## INFORMATION
--------
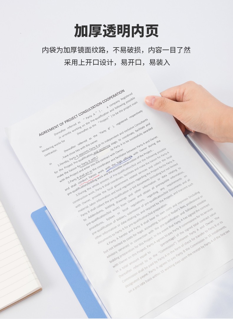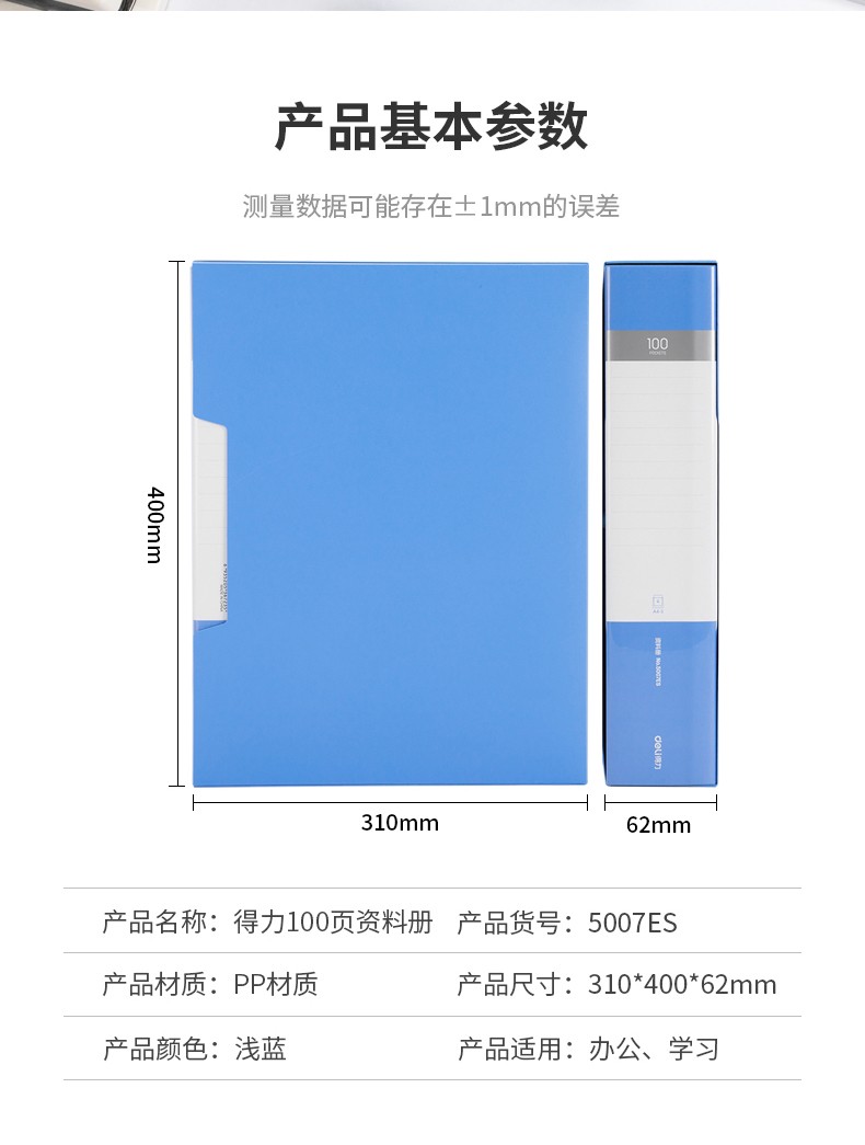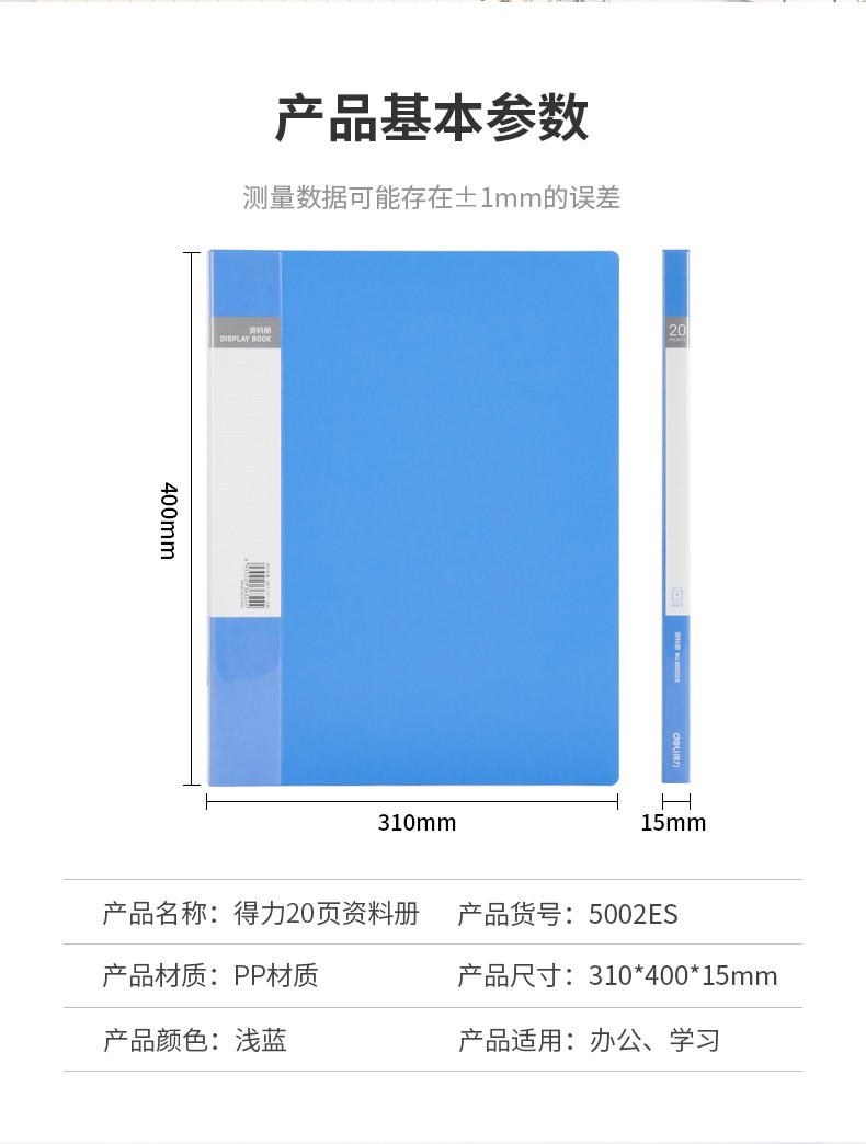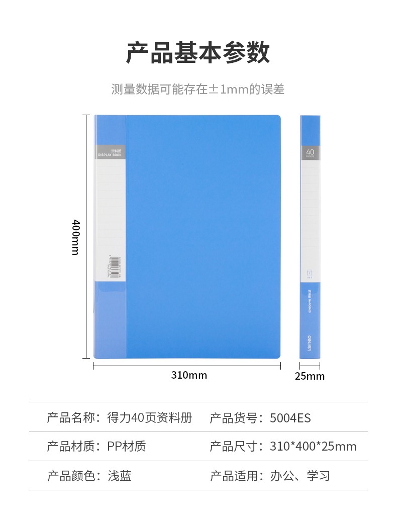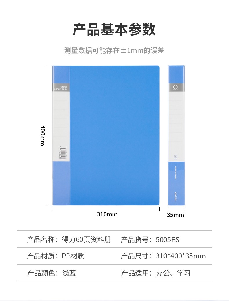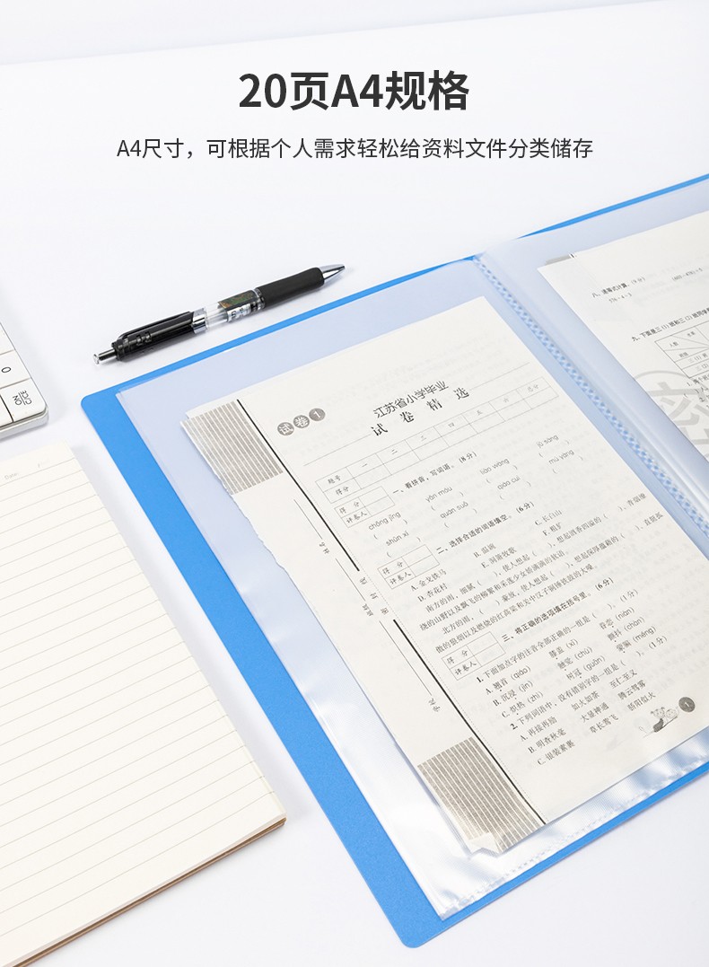 得力 deli A4资料册透明活页试卷夹彩色文件夹插页袋20/30/40/60/80/100页档案夹 5006ES 80页 5只装
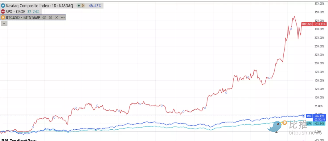 The S&P 500 measures the performance of large-cap stocks, while the Nasdaq Composite Index tracks 2,500 market-cap-weighted stocks on the Nasdaq. There is a noticeable trend of synchronization between the two, but Bitcoin exhibits stronger volatility—especially after significant events, indicating that traders and investors are beginning to view Bitcoin similarly to stocks.
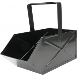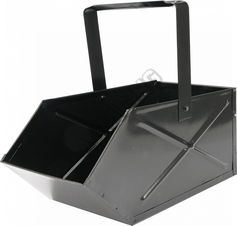 Sklopná rukojeť a šikmá stěna usnadňují vylévání paliva. Užitečné pro provoz kamen na tuhá paliva, krbů a sporáků na uhlí.
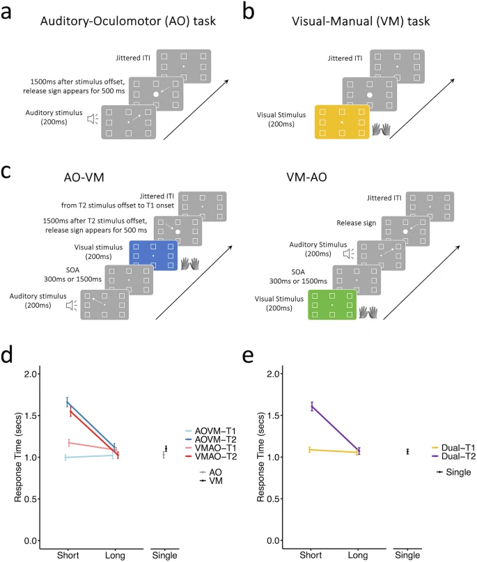 近日,深圳大學心理學院助理教授樂秋海與合作者在自然指數期刊Nature Communications(2023 Impact Factor=14.7)在線發表了題為“Ultrafast fMRI reveals serial queuing of information processing during multitasking in the human brain”的研究論文。該研究使用超高速、高場強功能磁共振成像技術,發現人類大腦額頂多重需求網絡與運動皮層,共同構成了限制我們進行多任務加工的人腦信息加工序列瓶頸。樂秋海為論文第一作者,深圳大學為第一完成單位。樂秋海與范德堡大學(Vanderbilt University)教授René Marois為共同通訊作者。
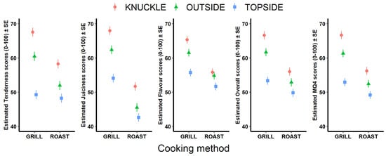 Estimated marginal means (±S.E.) for tenderness (0–100), juiciness (0–100), flavor (0–100), overall liking (0–100), and MQ4 score (0–100) from the base models for consumer sensory scores of the Knuckle, Outside flat, and Topside cooked using the grill and roast methods.
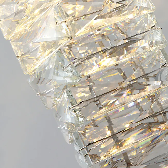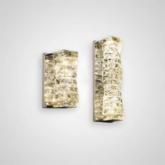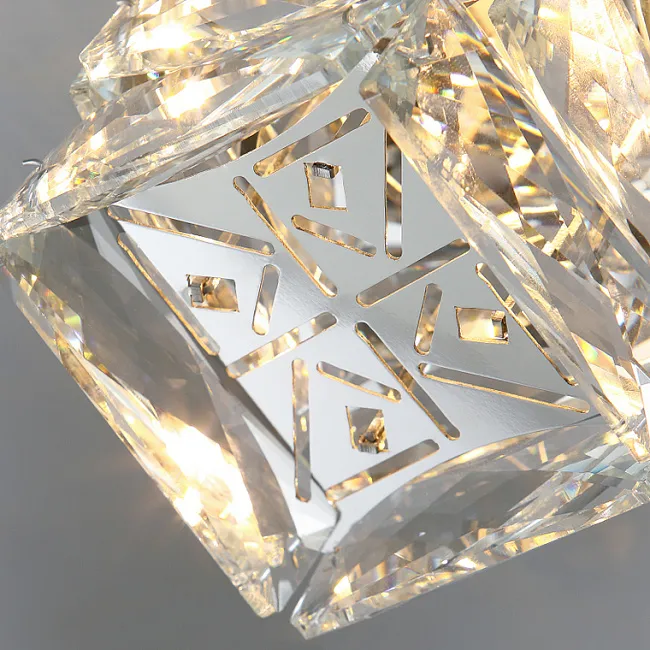 Сложная игра света и тени, создаваемая составным плафоном из хрустальных ограненных пластин, завораживает с первого взгляда. Свет, проходя через каждую грань, мягко рассыпается на тысячи блестящих искр, которые словно оживают, придавая помещению атмосферу волшебства и уюта. Необычное сочетание прозрачности хрусталя и матовой латуни добавляет светильникам особого шарма и делает их центром притяжения в вашем интерьере.
--------
## PROBLEM
Only the lines from the first line of the entries through the line containing "Estimated marginal means" should be output, exactly as they are, without pictures.

## OUTPUT
 得力 deli A4资料册透明活页试卷夹彩色文件夹插页袋20/30/40/60/80/100页档案夹 5006ES 80页 5只装
 The S&P 500 measures the performance of large-cap stocks, while the Nasdaq Composite Index tracks 2,500 market-cap-weighted stocks on the Nasdaq. There is a noticeable trend of synchronization between the two, but Bitcoin exhibits stronger volatility—especially after significant events, indicating that traders and investors are beginning to view Bitcoin similarly to stocks.
 Sklopná rukojeť a šikmá stěna usnadňují vylévání paliva. Užitečné pro provoz kamen na tuhá paliva, krbů a sporáků na uhlí.
 近日,深圳大學心理學院助理教授樂秋海與合作者在自然指數期刊Nature Communications(2023 Impact Factor=14.7)在線發表了題為“Ultrafast fMRI reveals serial queuing of information processing during multitasking in the human brain”的研究論文。該研究使用超高速、高場強功能磁共振成像技術,發現人類大腦額頂多重需求網絡與運動皮層,共同構成了限制我們進行多任務加工的人腦信息加工序列瓶頸。樂秋海為論文第一作者,深圳大學為第一完成單位。樂秋海與范德堡大學(Vanderbilt University)教授René Marois為共同通訊作者。
 Estimated marginal means (±S.E.) for tenderness (0–100), juiciness (0–100), flavor (0–100), overall liking (0–100), and MQ4 score (0–100) from the base models for consumer sensory scores of the Knuckle, Outside flat, and Topside cooked using the grill and roast methods.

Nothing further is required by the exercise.